▶ **The problem**
Type out the data exactly as given. Skip any image.

▶ **Dataset extract**
* * * * * * *

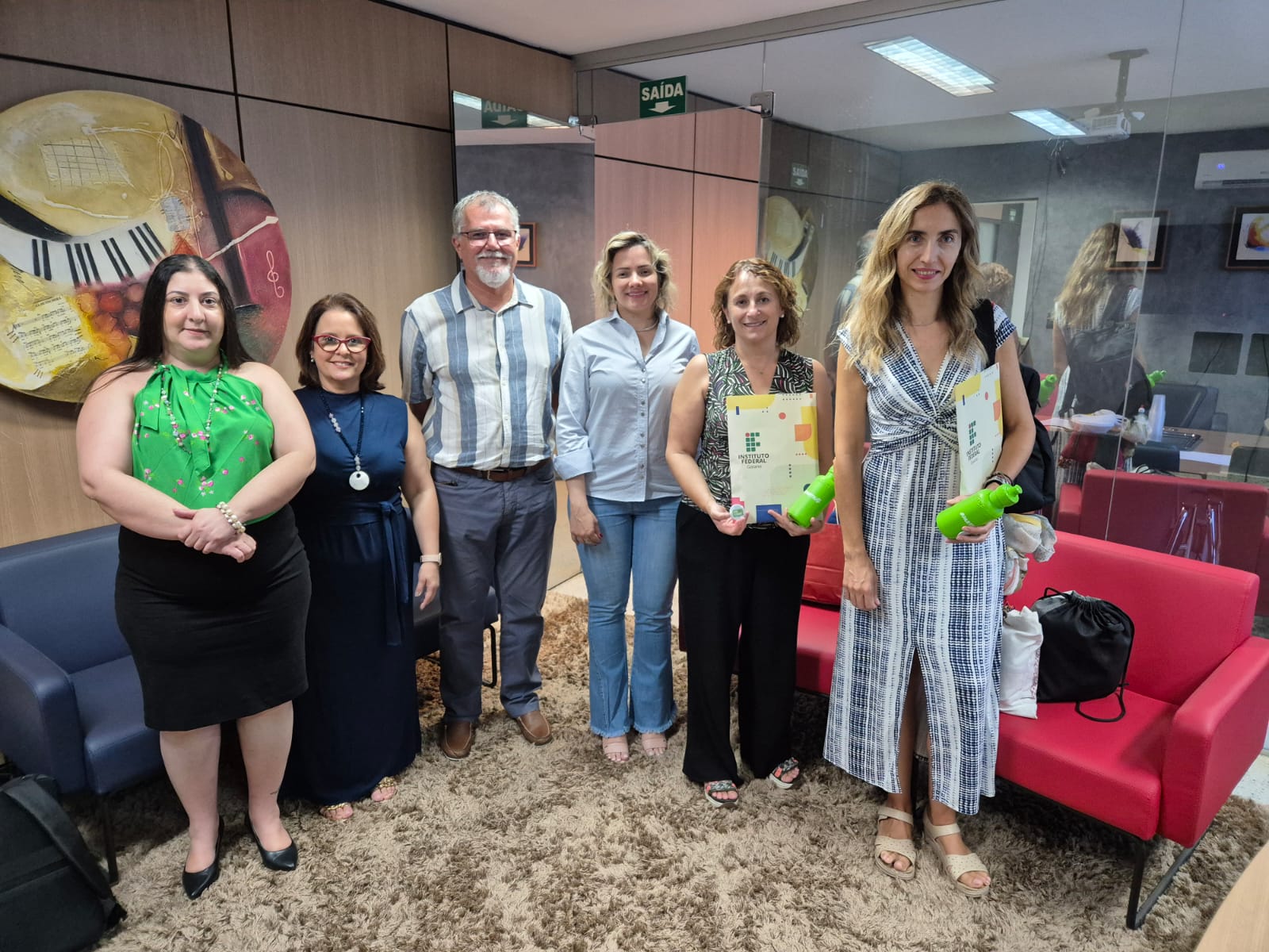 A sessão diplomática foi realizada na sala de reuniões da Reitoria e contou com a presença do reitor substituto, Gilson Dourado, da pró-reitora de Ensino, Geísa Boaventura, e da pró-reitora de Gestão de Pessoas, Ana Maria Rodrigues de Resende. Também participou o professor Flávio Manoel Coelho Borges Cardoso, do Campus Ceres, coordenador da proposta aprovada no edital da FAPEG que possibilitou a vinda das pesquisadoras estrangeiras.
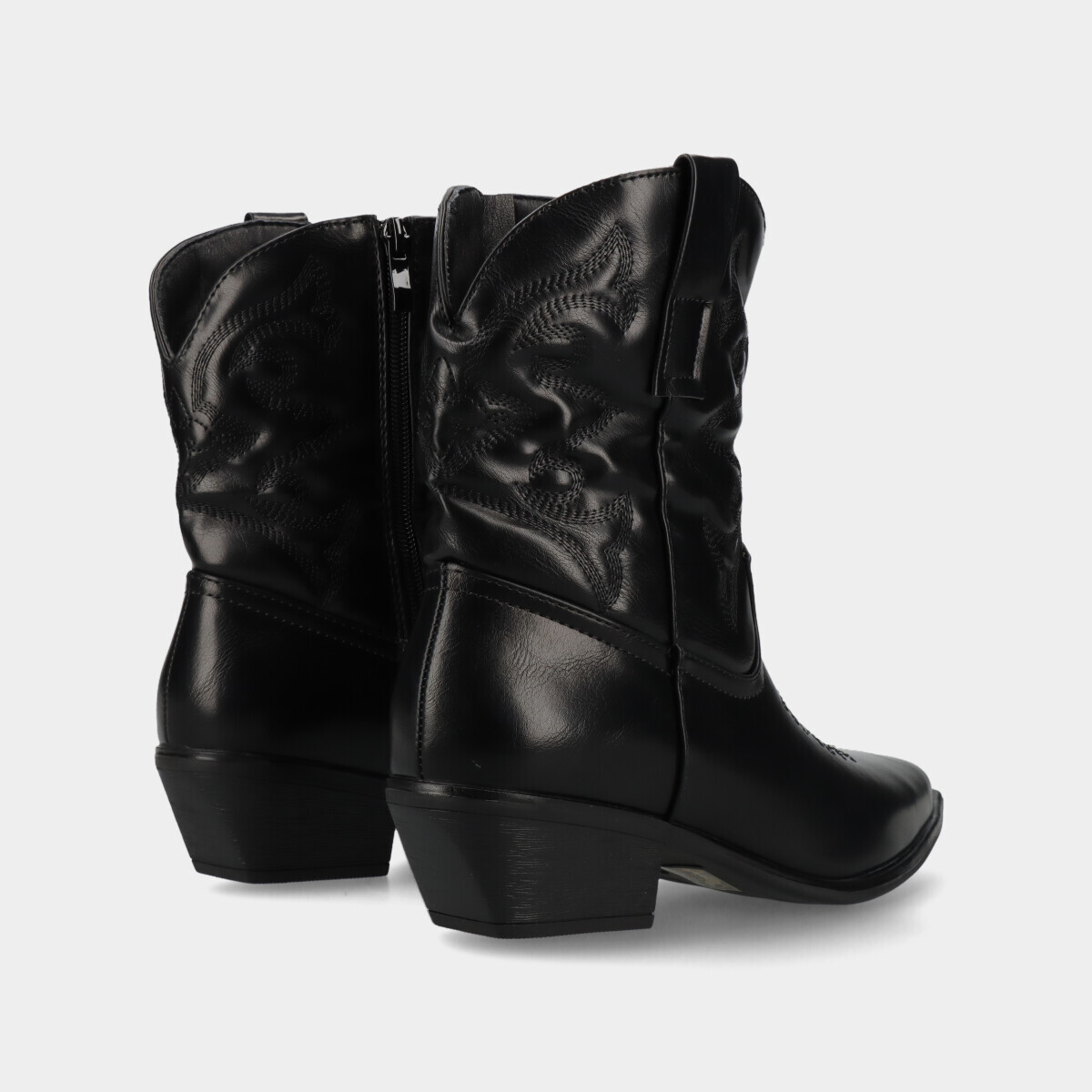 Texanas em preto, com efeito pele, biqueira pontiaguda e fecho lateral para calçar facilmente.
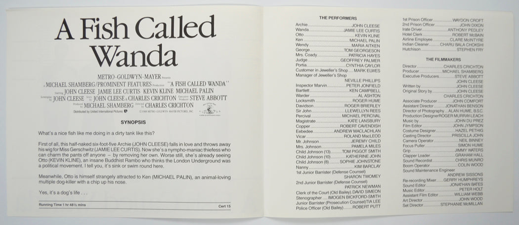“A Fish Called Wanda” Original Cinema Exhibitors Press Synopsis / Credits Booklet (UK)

* * * * * * *

▶ **Response to this exercise**
 A sessão diplomática foi realizada na sala de reuniões da Reitoria e contou com a presença do reitor substituto, Gilson Dourado, da pró-reitora de Ensino, Geísa Boaventura, e da pró-reitora de Gestão de Pessoas, Ana Maria Rodrigues de Resende. Também participou o professor Flávio Manoel Coelho Borges Cardoso, do Campus Ceres, coordenador da proposta aprovada no edital da FAPEG que possibilitou a vinda das pesquisadoras estrangeiras.
 Texanas em preto, com efeito pele, biqueira pontiaguda e fecho lateral para calçar facilmente.
“A Fish Called Wanda” Original Cinema Exhibitors Press Synopsis / Credits Booklet (UK)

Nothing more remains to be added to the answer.